:: What is being asked ::
Where a picture appears, skip it and copy everything else in the listing exactly.

:: Task material ::
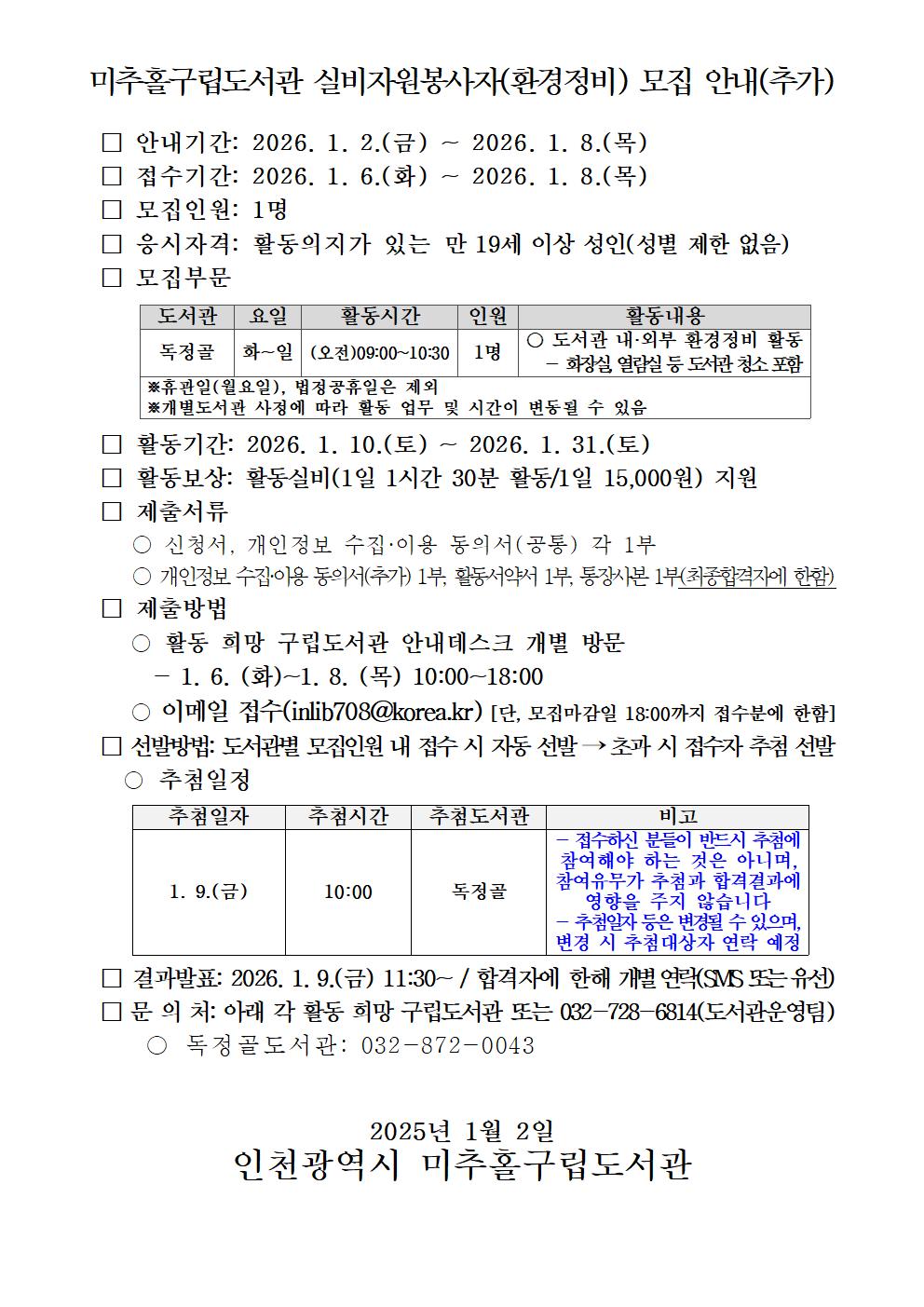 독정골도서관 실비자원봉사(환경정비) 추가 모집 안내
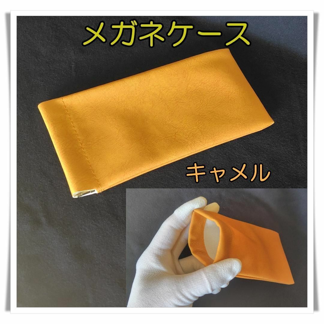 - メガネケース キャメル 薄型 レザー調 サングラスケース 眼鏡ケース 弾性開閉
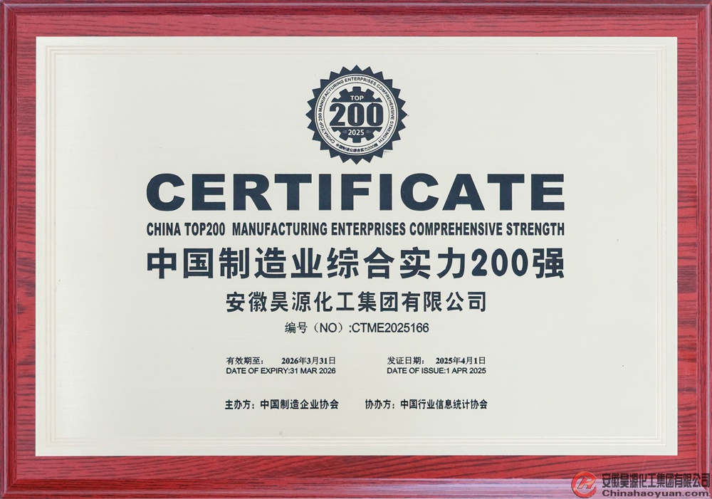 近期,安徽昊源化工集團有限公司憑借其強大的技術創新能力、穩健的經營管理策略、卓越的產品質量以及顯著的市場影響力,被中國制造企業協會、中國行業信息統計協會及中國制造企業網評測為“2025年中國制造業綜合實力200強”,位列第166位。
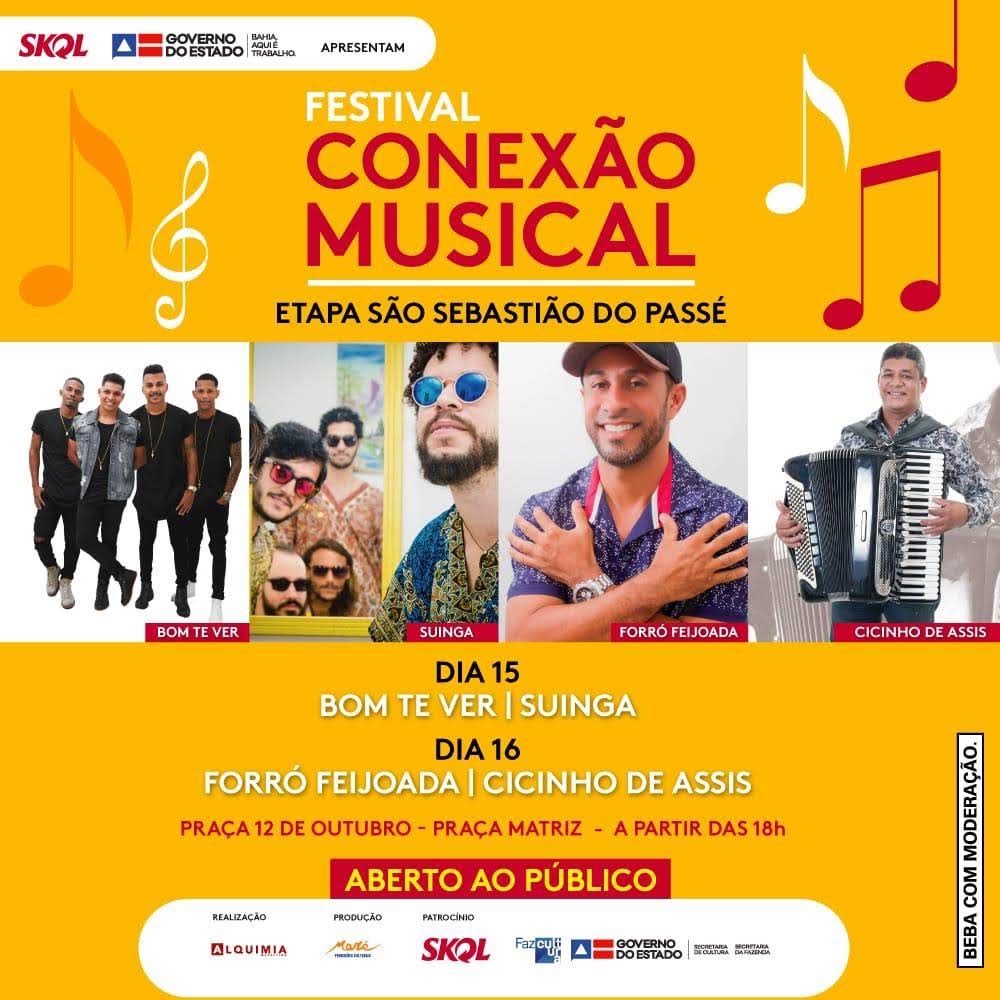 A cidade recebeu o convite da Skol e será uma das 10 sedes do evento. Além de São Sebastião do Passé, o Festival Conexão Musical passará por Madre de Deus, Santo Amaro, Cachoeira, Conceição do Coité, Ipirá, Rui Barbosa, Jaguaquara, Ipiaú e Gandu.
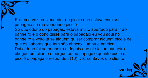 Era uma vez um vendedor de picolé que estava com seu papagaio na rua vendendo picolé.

:: Answer space ::
 독정골도서관 실비자원봉사(환경정비) 추가 모집 안내
 - メガネケース キャメル 薄型 レザー調 サングラスケース 眼鏡ケース 弾性開閉
 近期,安徽昊源化工集團有限公司憑借其強大的技術創新能力、穩健的經營管理策略、卓越的產品質量以及顯著的市場影響力,被中國制造企業協會、中國行業信息統計協會及中國制造企業網評測為“2025年中國制造業綜合實力200強”,位列第166位。
 A cidade recebeu o convite da Skol e será uma das 10 sedes do evento. Além de São Sebastião do Passé, o Festival Conexão Musical passará por Madre de Deus, Santo Amaro, Cachoeira, Conceição do Coité, Ipirá, Rui Barbosa, Jaguaquara, Ipiaú e Gandu.
 Era uma vez um vendedor de picolé que estava com seu papagaio na rua vendendo picolé.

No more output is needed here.